**THE PROBLEM**
Repeat the whole listing word for word, skipping pictures.

**SUPPLIED MATERIAL**
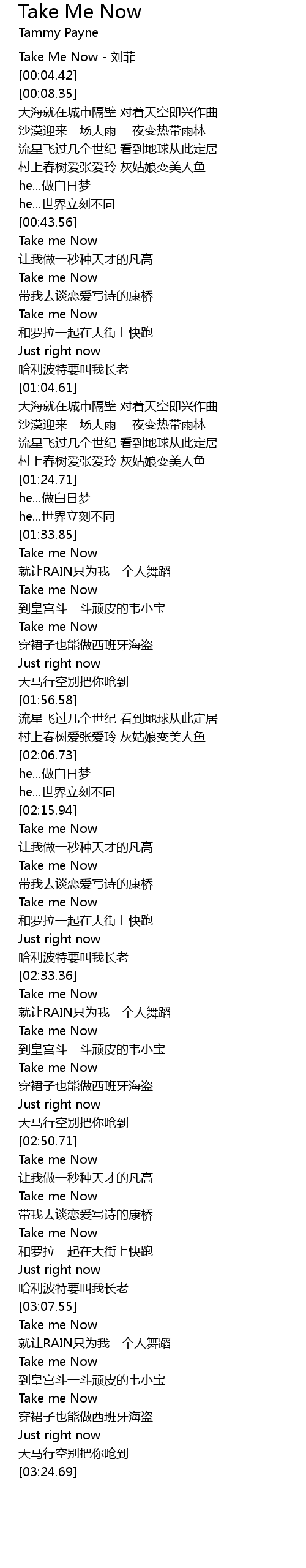 | [02:59.41] | Take me Now |
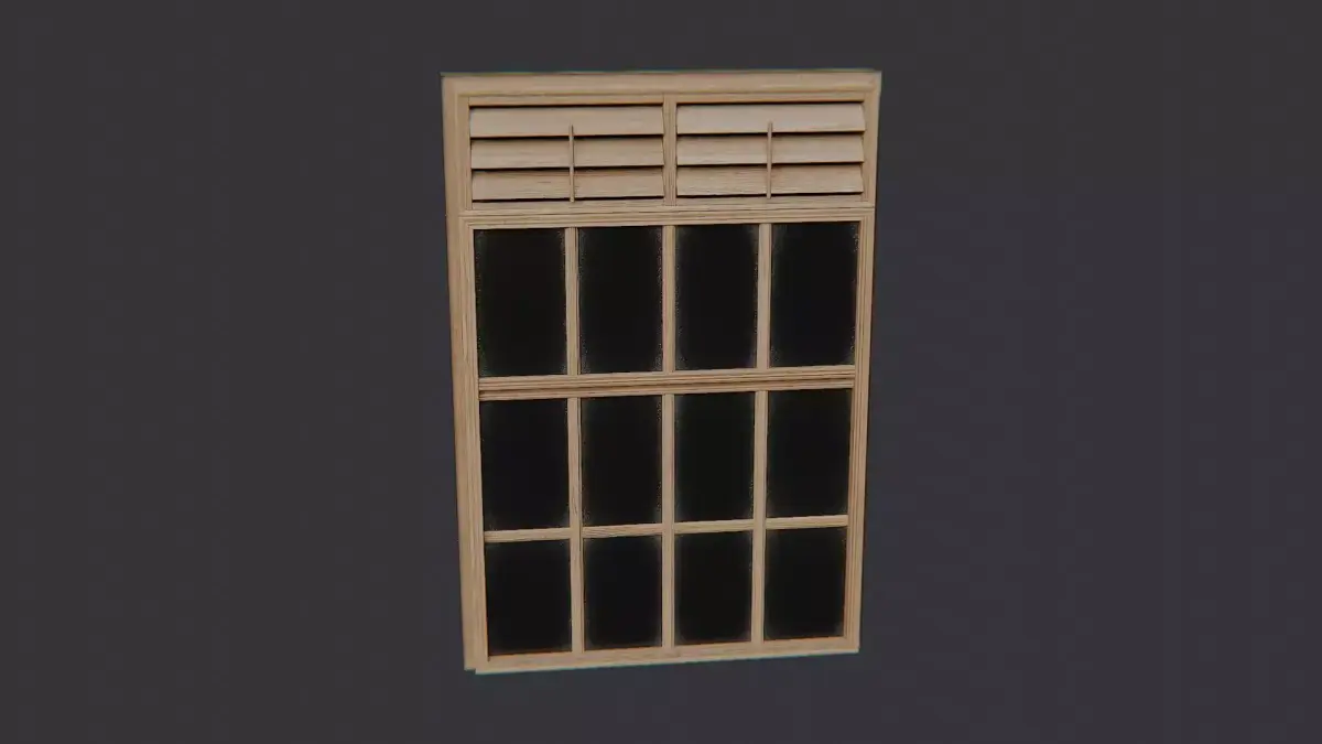Hospital style window with wood frame and multi pane glass adds realism to architectural scenes. The model includes emissive and opaque glass materials for varied lighting and reflections. Suitable for interior and exterior renders in modern or historic setups. Clean topology and UV mapped surfaces ensure easy texture work.
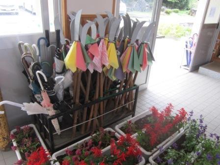 9月17日(日) 秋季運動会を予定していた日に台風がやってきました。臨時休校となり、お昼前後は、ものすごい豪雨でした。なんと、学校から見える祇園山に、普段はない滝が現れていて驚きました。校区内も、あちらこちらで水があふれ出し、通行止めになるところもありました。これ以上降ると危険と思われた頃に雨が小降りになり、風もさほど強くなかったので、大きな被害はなかったようです。それでも、スキー場付近は、24日(日)に予定していたトレイルランの大会が実施できないほど、山道が荒れてしまったようです。大会運営のために運動会に参加できない方もおられたので、その点はよかったのですが。
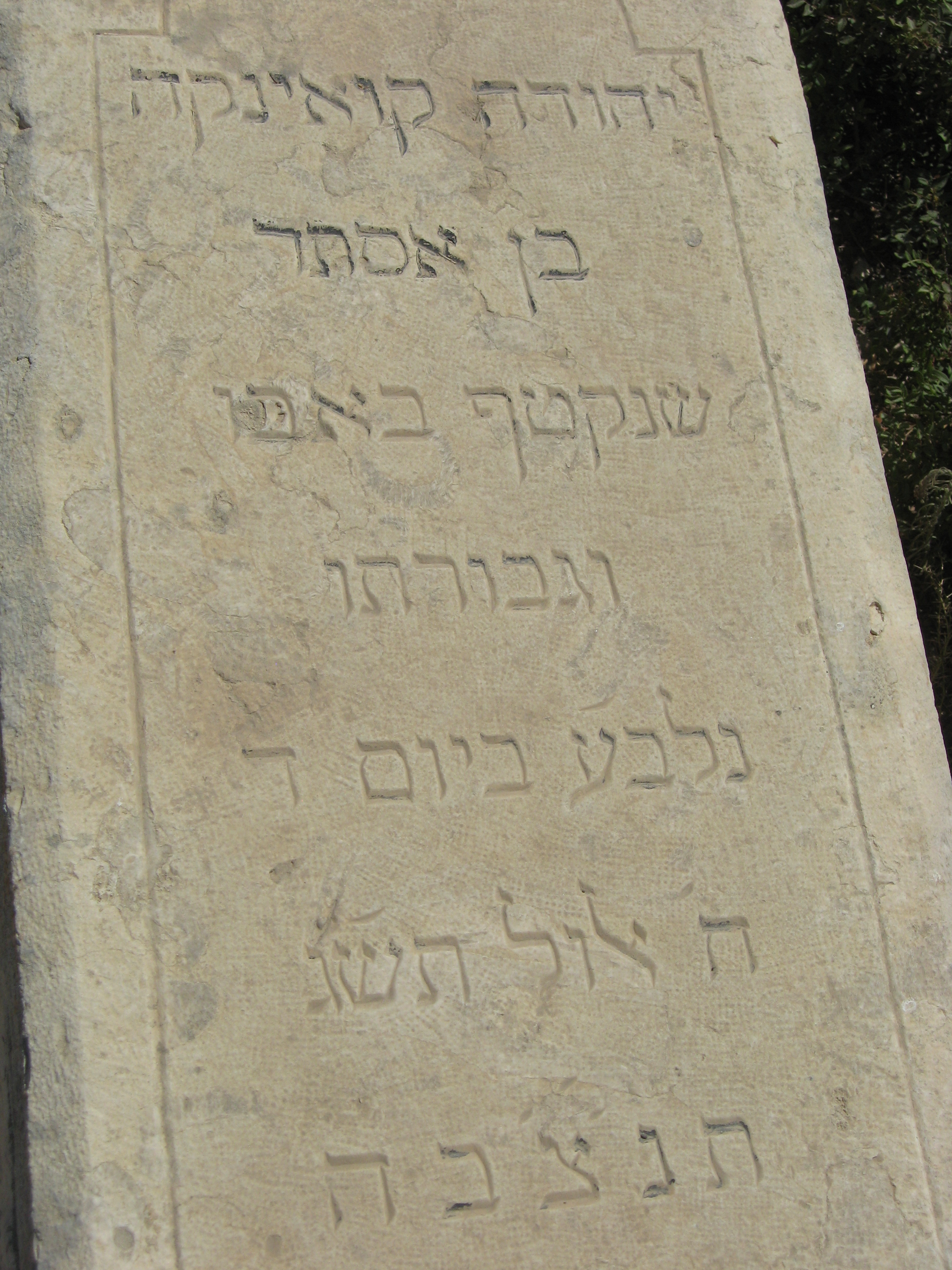 מ'ק הירא את ה' ר'צ'ו ה'ר יאודה ן' משה קואינקה נ'ע ביום כ'ו אדר ת'רמ'ב ת'נצ'ב'ה
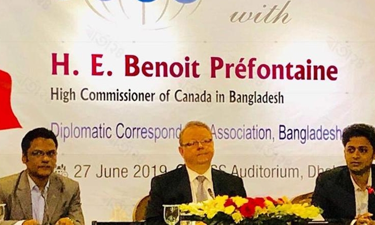 বাংলাদেশে নিযুক্ত কানাডার হাইকমিশনার বেনোই প্রেফনটেইন বৃহস্পতিবার (২৭ জুন) রাজধানীর বাংলাদেশ ইনস্টিটিউট অব ইন্টারন্যাশনাল অ্যান্ড স্ট্র্যাটেজিক স্টাডিজের (বিআইআইএসএস-বিস) মিলনায়তনে ডিক্যাব টকে এসব কথা বলেন।
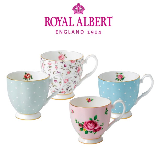 Royal Albert New Imperial Rose Footed Mug 4P Set / 로얄알버트 뉴황실장미 푸티드 머그4P세트

**FINISHED TASK**
 | [02:59.41] | Take me Now |
Hospital style window with wood frame and multi pane glass adds realism to architectural scenes. The model includes emissive and opaque glass materials for varied lighting and reflections. Suitable for interior and exterior renders in modern or historic setups. Clean topology and UV mapped surfaces ensure easy texture work.
 9月17日(日) 秋季運動会を予定していた日に台風がやってきました。臨時休校となり、お昼前後は、ものすごい豪雨でした。なんと、学校から見える祇園山に、普段はない滝が現れていて驚きました。校区内も、あちらこちらで水があふれ出し、通行止めになるところもありました。これ以上降ると危険と思われた頃に雨が小降りになり、風もさほど強くなかったので、大きな被害はなかったようです。それでも、スキー場付近は、24日(日)に予定していたトレイルランの大会が実施できないほど、山道が荒れてしまったようです。大会運営のために運動会に参加できない方もおられたので、その点はよかったのですが。
 מ'ק הירא את ה' ר'צ'ו ה'ר יאודה ן' משה קואינקה נ'ע ביום כ'ו אדר ת'רמ'ב ת'נצ'ב'ה
 বাংলাদেশে নিযুক্ত কানাডার হাইকমিশনার বেনোই প্রেফনটেইন বৃহস্পতিবার (২৭ জুন) রাজধানীর বাংলাদেশ ইনস্টিটিউট অব ইন্টারন্যাশনাল অ্যান্ড স্ট্র্যাটেজিক স্টাডিজের (বিআইআইএসএস-বিস) মিলনায়তনে ডিক্যাব টকে এসব কথা বলেন।
 Royal Albert New Imperial Rose Footed Mug 4P Set / 로얄알버트 뉴황실장미 푸티드 머그4P세트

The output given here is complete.